The definition of the time-varying infection rate is：β₁(t)=α₁(t)β₁ ⁰,Wherein：

β₁ ⁰WithIndicate not considering that Malware A and B is in respective communication process when Malware A and B influence each other respectively Infection rate, β₁ ⁰WithFor empirical value；

α₁(t) and α₂(t) coupling terms are indicated,α₂(t) =1； It is the critical value for describing coupling between Malware B and A, is empirical value, it is true by test of many times It is fixed.

3. the Malware based on coupling propagates modeling and method for optimally controlling as described in claim 1, it is characterized in that：

In step S1, the feasible zone Ω of Malware A and B are：

Wherein, S_A(t) and S_B(t) the node individual amount that Malware A and B are uninfected by when moment t is indicated respectively；I_A(t) and I_B (t) density of infection caused by Malware A and B when moment t is indicated respectively；Indicate the positive real number domain of 2 dimensions.

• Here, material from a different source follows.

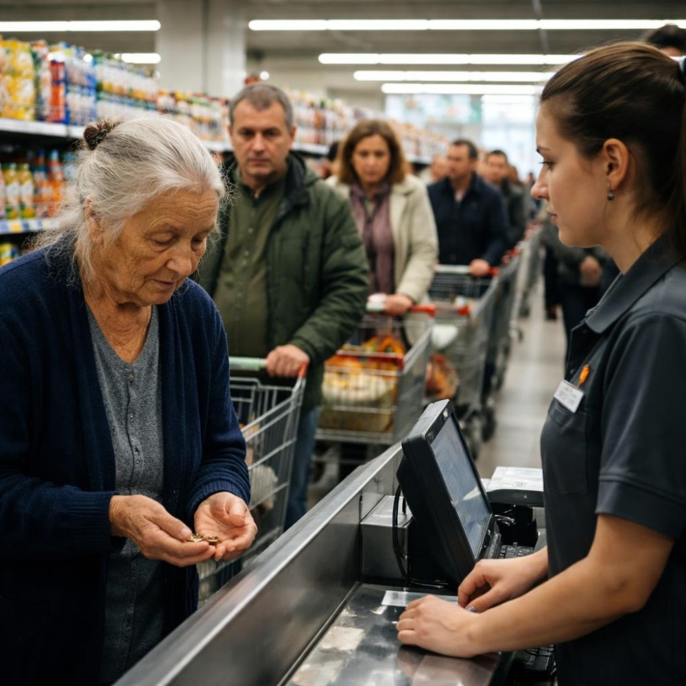 Katalin néni lassan összegyűjtötte a maradék pénzt, átcsúsztatta a pulton, és miközben a blokkot átvette, egy pillanatra megállt, mintha mondani akarna még valamit, de végül csak a szatyrát igazította meg a vállán. A sor már mozdult is előre, a mögötte állók szinte azonnal elfoglalták a helyét. Ahogy elindult kifelé, a biztonsági kapu mellett egy középkorú férfi állt, aki eddig csendben figyelte az egészet, és most egy lépést tett felé.

4. the Malware based on coupling propagates modeling and method for optimally controlling as described in claim 1, it is characterized in that：

In step S2, the constraint function is as follows：

Wherein：T indicates the moment；S_A(t) and S_B(t) the node number of individuals that Malware A and B are uninfected by when moment t is indicated respectively Amount；I_A(t) and I_B(t) density of infection caused by Malware A and B when moment t is indicated respectively；<k>Indicate the flat of computer network Spend；γ₁And γ₂The Dynamical model interior joint clear-cutting forestland rate of Malware A and B are indicated respectively；δ₁(t) and δ₂(t) The artificial removal rate of Malware A and B when moment t are indicated respectively；β₁ ⁰WithIt indicates not considering that Malware A and B are mutual respectively Between infection rates of the Malware A and B in respective communication process when influencing, β₁ ⁰WithFor empirical value； It is to retouch The critical value of coupling between Malware B and A is stated, is empirical value, is determined by test of many times.

5. the Malware based on coupling propagates modeling and method for optimally controlling as described in claim 1, it is characterized in that：

Step S3 further comprises：

The Lagrangian of 310 structure optimal control problems

320 according to LagrangianL constructor H：

330 analyze optimal control problem using Pontryagin maximal principles, obtain adjoint variable λ₁(t)、λ₂(t)、λ₃(t)、 λ₄(t) should meet：

340 combine transversality condition λ₁(T)=λ₂(T)=λ₃(T)=λ₄(T)=0 optimal control variable, is calculated, it is as follows：

Wherein：

I_A(t) and I_B(t) density of infection caused by Malware A and B when moment t is indicated respectively；δ₁(t) and δ₂(t) it indicates respectively The artificial removal rate of Malware A and B when moment t；c₁And c₂The weight of income and consumption is indicated respectively；<k>Indicate computer network The average degree of network；γ₁And γ₂Indicate node clear-cutting forestland rate；S_A(t) and S_B(t) it indicates to be uninfected by when moment t respectively maliciously soft The node individual amount of part A and B；λ₁(t)、λ₂(t)、λ₃(t)、λ₄(t) adjoint variable when moment t is indicated；β₁ ⁰WithRespectively Expression does not consider infection rates of the Malware A and B in respective communication process, β when Malware A and B influence each other₁ ⁰WithFor empirical value； It is the critical value for describing coupling between Malware B and A, is empirical value, by more Secondary experiment determines；T indicates particular moment constant when Lagrange multiplier is 0；It indicates Optimal state variable S_A(t)、I_A(t)、S_B(t)、I_B(t)；WithFor arbitrary constant in [0,1], the upper of controlled variable is indicated Boundary.